An essential aspect of domestication is the resulting change in the geography of societies. Two features generally accompany the process: densification and settling. The production of larger quantities of food allows human groups to be more numerous, and conversely, these greater numbers make it necessary to develop agriculture. New forms of production not only require less mobility than hunting or gathering, but they often make it necessary for populations to settle down in order to remain close to fields and orchards or cattle. Only those societies that became specialised in breeding retained-and maybe even developed-forms of mobility that were closer to those of hunting societies. Settling processes generated significant modifications in the geography of societies. With the village (it is generally considered that Catal Höyük, in southern Anatolia, is the oldest identified village-9000 BC) emerges the capability of storing large quantities of goods for long periods of time; many consequences result from this. On the other hand, the appropriation of fields and trees would not involve the same process as claiming hunting and gathering grounds; the territoriality of societies will thereby have been fundamentally changed.

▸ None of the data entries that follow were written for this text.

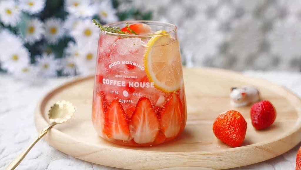 Iced Sprite, strawberry, green lemon, Yakult, sweet and sour taste, a great way to relieve the heat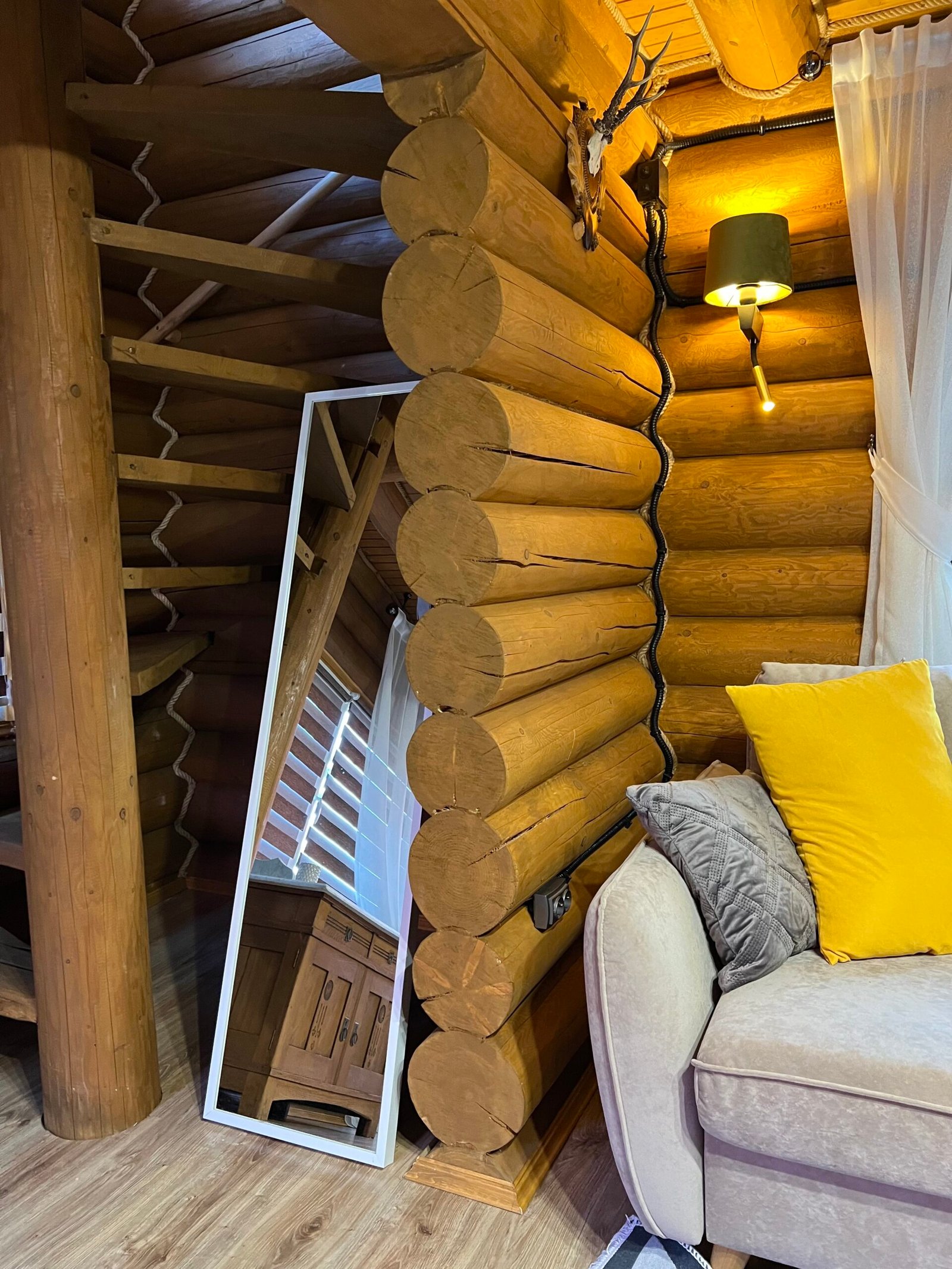 Перший поверх – столик для 4-х, ванна кімната, холодильник, чайник, мікрохвильовка, індукційна плита, кухня з усім необхідним, розкладний диван, телевізор , камін , шафа.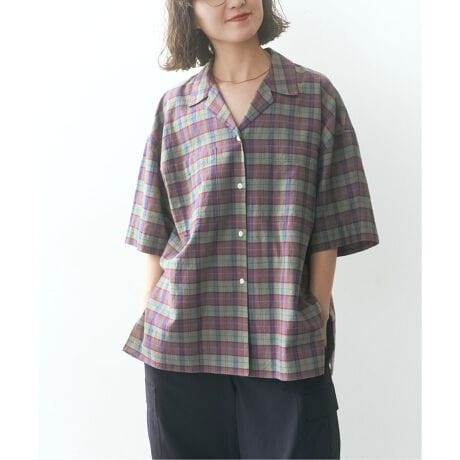 インディアンマドラスを使用した、風合い豊かなハーフスリーブシャツ。ナチュラルな色合いやムラ感が魅力で、製品洗いでさらに柔らかな表情に仕上げています。

Unlike older societies of predators, who could only accumulate knowledge, the material of ideas, domestication goes hand in hand with a geography of the accumulation of material wealth, which in turn makes way for other forms of accumulation. After agriculture and the village come the city and the State, writing and currency, etc. In short, neolithisation is definitely an essential moment when geography accelerates.

 

Bibliography :
-Jared Diamond, De l'inégalité parmi les sociétés. Essai sur l'homme et l'environnement dans l'histoire, Gallimard, NRF essai, 2000.
-Marcel Mazoyer, Laurence Roudart, Histoire des agricultures du monde. Du néolithique à la crise contemporaine, Seuil, 1997.
-Jean Guillaine, La mer partagée. La Méditerranée avant l'écriture, Hachette, 1994.